The story behind 1 minute
One day, in 1995, in what seems like another lifetime, I'm flipping through channels and I see Marianne Williamson. She's talking about how much time we spend in negativity each day -- thinking negative thoughts about ourselves. And how hard it is to get something positive to happen in your life when you're only focusing on the negative. And that we're so used to thinking unwanted thoughts that we don't even notice what we're doing.
Or something like that.
(Marianne Williamson, I apologize if I have misrepresented you. In my defense, it was more than a couple of decades ago. I'm hoping that will earn me a little wiggle room.)
At any rate, I, of course, yell, "Such BS!" and turn off the TV and throw the remote across the room.
And then I think, "Ah...If I'm being honest here, I'm going to have to admit that that was a tiiiiiiiny bit negative, wasn't it. Maybe she has a point."
So, I decide to challenge myself to think 1 minute of positive thoughts about myself. Just 1 minute. In a whole 24-hour day, how hard can 1 minute be?
I get out an index card to write down things I like about myself. Positive things. About myself. Anything at all. As long as it's positive. Well, that is not as easy as it looks.
I end up with 3 positive things about myself. It takes me 10 minutes. Here's my list: I'm good at writing. My first instinct is to be kind to people. I like my eyebrows.
I set the timer for 1 minute, read my card, close my eyes and hit go.
You know that feeling when you've been out running around all day and you finally get home and sit down and you're exhausted and it feels just so good to sit down? And someone brings you a drink? And some food? And you feel fabulous?!
It was nothing like that.
It was the world's slowest minute. I kept having to look at my index card because I would forget. By the end of the first 10 seconds, I had forgotten all 3 of the things I had any pride in in this world. Are you kidding me? Mostly I was thinking about people I hated, situations that I was ashamed of or fears I had about what was coming up for me, which was certain to be -- Marianne knows it -- more negativity.

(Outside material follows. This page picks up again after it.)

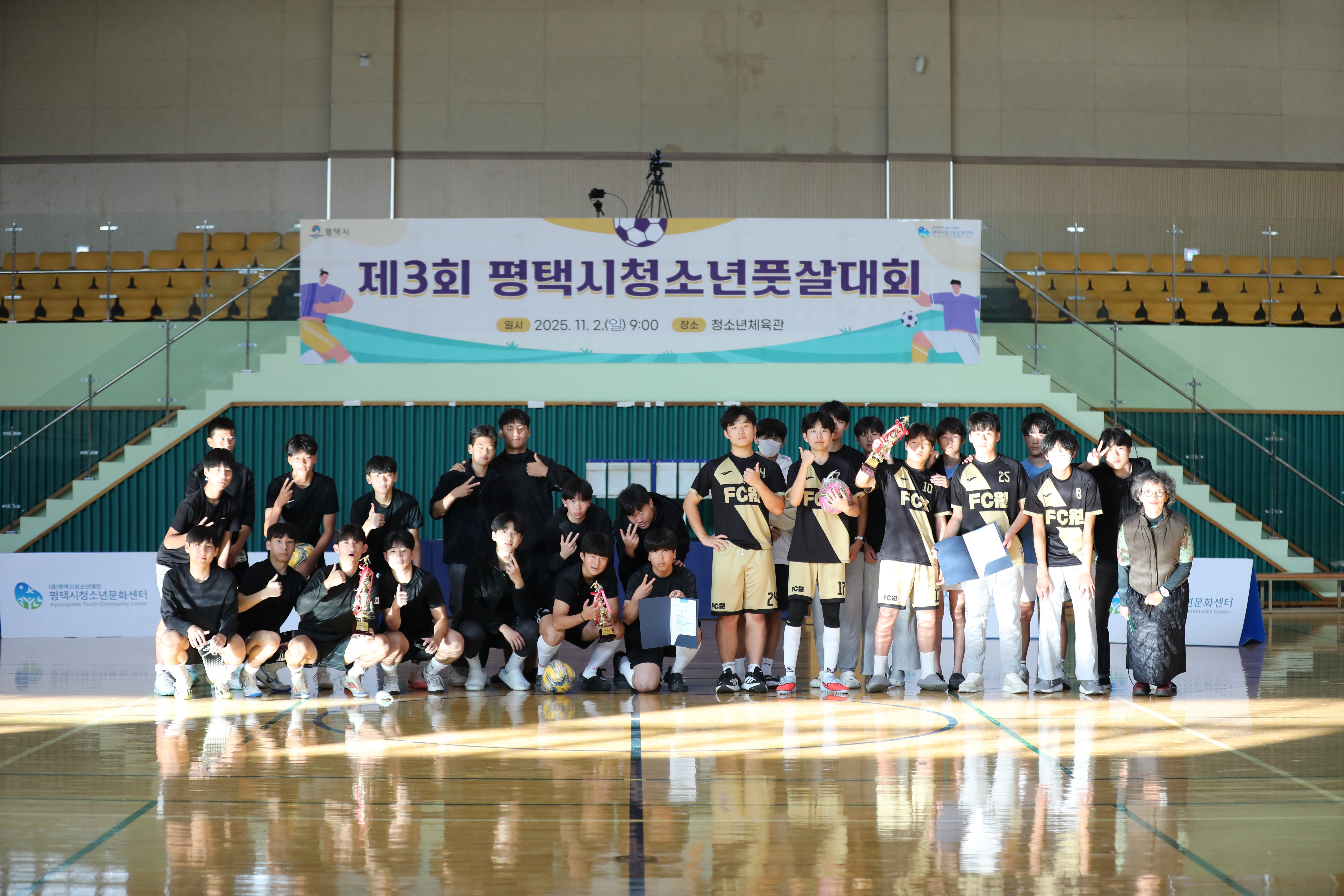 [금요저널] 평택시 중학생들의 열정과 팀워크로 빛난 건강한 스포츠 한마당 평택시청소년재단 평택시청소년문화센터가 주최하고 청소년풋살동아리 ‘FC원’이 주관한 '제3회 평택시청소년풋살대회'가 지난 2일 성황리에 마무리됐다.

But, I survived. I made it through. And although I actually did feel a little lighter in a very subtle way at first, the biggest surprise was the rest of the day. After just 1 minute full of struggle while trying to focus on something good about myself, I found that the entire rest of the day was calmer, lighter, less anxious. I didn't get as angry. I didn't spend all of my free time beating myself up. One little space opened up. After just 1 minute.
Okay, I thought. Now, I'm listening.